Extract from ABC News
The streets in Gaza where children played and trees crowded for space on median strips are now little more than rubble.
In the six months since the October 7 Hamas attack and ensuing bombardment of the Gaza Strip by Israel, parts of cities including Rafah and Khan Younis are in ruins.
Hamas seized 253 people during the October attack, and according to Israeli tallies killed 1,200 others. More than 100 people are still being held hostage.
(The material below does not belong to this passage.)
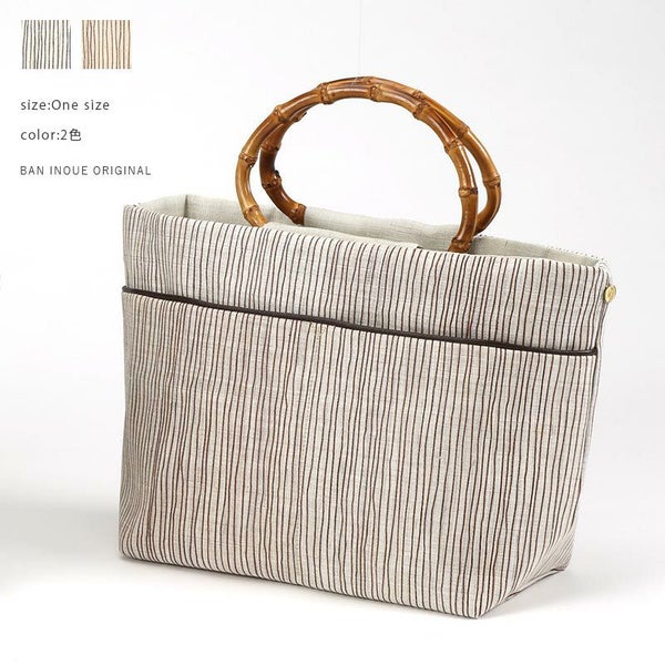 グレーズリネン竹手バッグ(大)

Gaza's health ministry says more than 33,100 Palestinians have been killed in the Israeli response.
Drone footage released by Reuters shows the extent of the damage.
In one shot, taken in a Gaza City refugee camp in July, children ride their bikes together through the narrow streets.
At the time, the United Nations Relief and Works Agency (UNRWA) said the camp's population was more than 90,000 people.
Aerial footage in the same Reuters video shows the hundreds of crowded apartment buildings along the shoreline of the Mediterranean Sea.
Very little remains now of those same buildings — clips taken in late 2023 and early 2024 show mosque domes rising up out of the wreckage and entire neighbourhoods destroyed.
In Rafah, where green spaces were once dotted around orderly city streets, displaced Palestinians build shelters wherever there is free space.
As the camera lens rises, the rows of tents seem to extend further and further out towards that same blue stretch of coastline.
Half a year since the conflict escalated, Palestinians returning home to salvage what they can find their homes and cities unrecognisable.
More than 60 per cent of Gaza's residential buildings have been damaged or destroyed, according to the United Nations Office for the Coordination of Humanitarian Affairs.
When it comes to commercial buildings, that figure rises to more than 80 per cent.
The World Bank's interim damage assessment, released in March, says: "More than 1 million people have lost their homes."
"Health service delivery is experiencing major disruptions as nearly 84 per cent of health facility buildings have been destroyed or damaged," the report says.
"And those remaining lack access to medicines, ambulances, basic lifesaving treatments, electricity and water.
"The education system has completely collapsed, with all children out of school and most schools being used as shelter for internally displaced people (IDP).
"An estimated 17,000 children have been separated from their families, rendering them particularly vulnerable to various forms of exploitation and abuse.
"Owing to pervasive trauma linked to the ongoing violence mental health has deteriorated severely especially among the vulnerable including women, children, the elderly, and persons with disabilities."
In Khan Younis, a woman clambers over collapsed concrete slabs atop a mountain of her home's wreckage.
Her son crawls on all fours into a hollow under the rubble and twisted rebar, clearing away concrete blocks.
"There are no words to describe the pain inside me," she says, her voice breaking.
"Our memories, our dreams, our childhood here, our family … It's all gone."